General elections were held in the Marshall Islands on 19 November 2007.

Campaign
One of the election issues was whether to switch recognition from Taiwan to the China, with the opposition in favour of recognising China instead. However, Aelon Kein Ad stated on 28 November that they would not end ties with the ROC if they won the election.

Conduct
Due to delays in opening the polling stations (while they were meant to open at 7 AM, some did not open until midday and one did not open before 4 PM) polling continued until after midnight. While only 36,000 people were eligible to vote, the large number of postal ballots meant that results were not to be known before 4 December.

Results
Early results with 40% of the vote counted indicated a number of government party members could lose their seats, meaning it was possible that the opposition has won the election. On 30 November, the opposition Aelon̄ Kein Ad declared victory, claiming it had already won 15 of the 17 seats necessary for a majority and that it expected to gain about 20 to 22 seats.

The final vote count began on 4 December 2007. The opposition officially voiced their protest when the election website had not been updated by 8 December since the preliminary results were published on 27 November, questioning the legality of the recounting of votes from the outer islands, allegedly an attempt to change the results in four very close seats. The opposition party also claimed to have the necessary 17 senators to govern.

Final, unofficial results were released on 10 December; the candidates then had two weeks to file recount petitions and court challenges.

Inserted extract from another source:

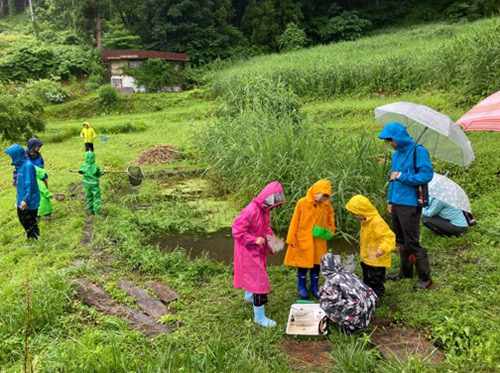 清沢の棚田で、昔ながらのコメ作りを体験しながら、モリアオガエルの卵やアカハライモリも見つけてみよう。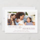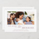 Cet or rose minimal, plus la carte de faire-part de naissance plus merrier est la parfaite simple salutation de vacances. Le design est composé d'une typographie classique rose vif et blanche associée à une police de caractères rustique mais élégante avec style lettré à la main. Personnalisez la carte avec votre photo de famille, les noms et l'année sur le devant et votre bébé faire-part de naissance sur le dos.

As both the ruling United Democratic Party and the opposition Aelon Kein Ad claim to have the 17 MPs required to form a government, and since two seats were decided by a single vote and two others by five votes, many recount petitions are expected to be filed.

Figures from 12 December indicated that President Kassai Note's United Democratic Party had 14 seats while the opposition United People's Party (which forms part of the Aelon Kein Ad coalition), led by former speaker Litokwa Tomeing, had 15 seats. Aelon̄ Kein Ad continued to claim they had the 17 seats necessary to govern, and the election was considered likely be decided by the courts.

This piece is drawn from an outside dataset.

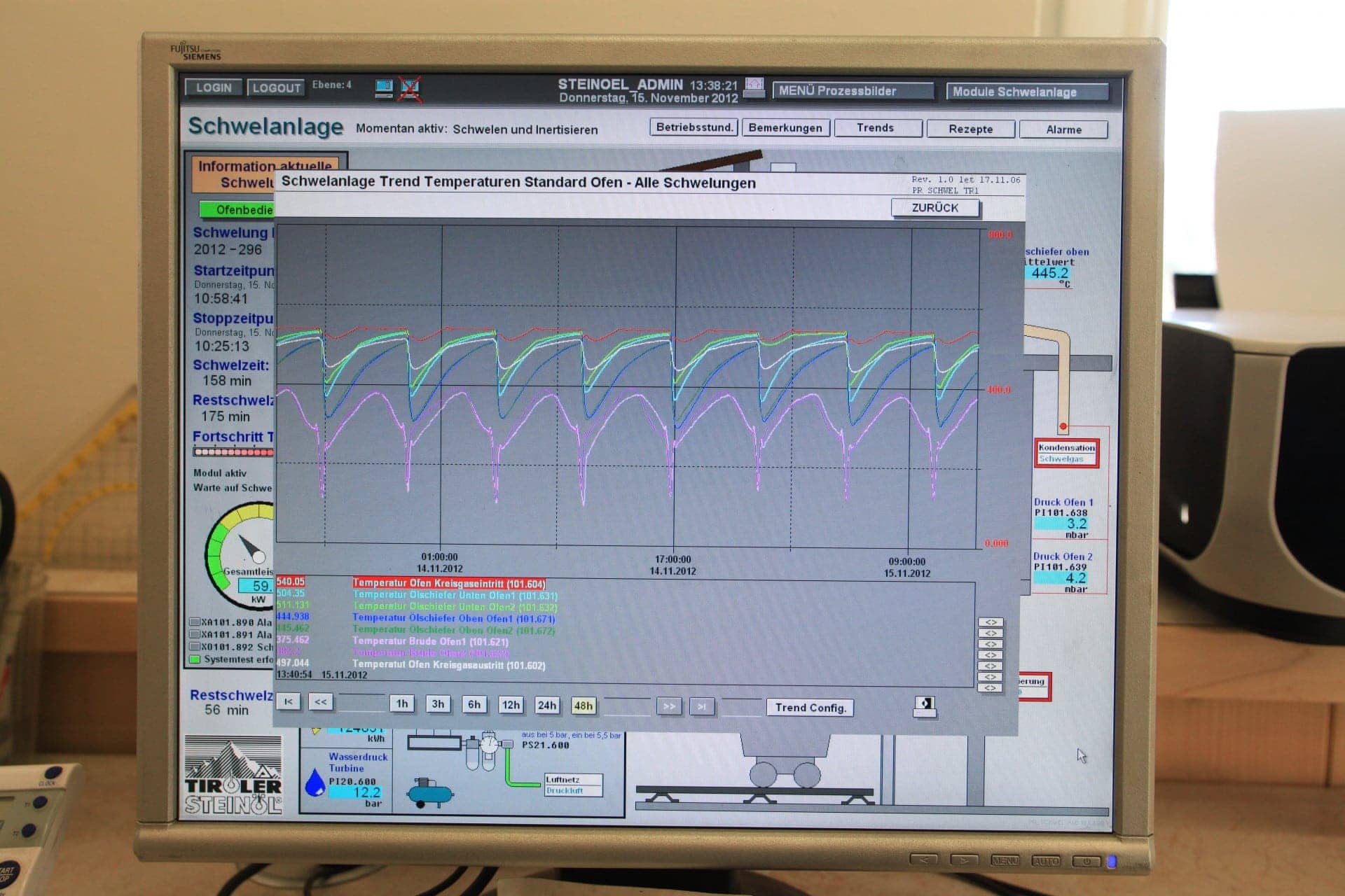 Es bedurfte also nicht vieler Überlegungen und die Konstruktionspläne waren schnell erstellt. Alles ging sehr schnell, so dass die Schwelanlage im Sommer 2011 auf vollelektrischen Betrieb umgerüstet werden konnte. Bei den ersten Testläufen wurden alle Erwartungen an das umgebaute System erfüllt und teilweise sogar übertroffen. Mittlerweile konnte der Wirkungsgrad der Schwelanlage von ca. 40 % mit den alten Schachtöfen auf über 85 % mit der modernen Schwelanlage gesteigert werden. Dies hat zur Folge, dass für die gleiche Menge TIROLER STEINÖL heute nur mehr die Hälfte an Ölschiefer benötigt wird – im Vergleich zu früheren Verfahren. Das schont die Ressourcen und minimiert den notwendigen Eingriff in die Natur.

Both parties attempted to get independent MPs to join them, with both sides about two or three seats short of a majority.

Recounts for Maloelap and Likiep were ordered for 3 January 2008, and voters from the US have appealed for their votes to be counted as well despite some problems with the required post stamp.

Aftermath
In early January 2008, Taiwan accused China of interfering in the post-election process in a bid to help the opposition; the Taiwanese government claimed China hoped to have the Marshall Islands switch recognition to the China if the opposition gained power.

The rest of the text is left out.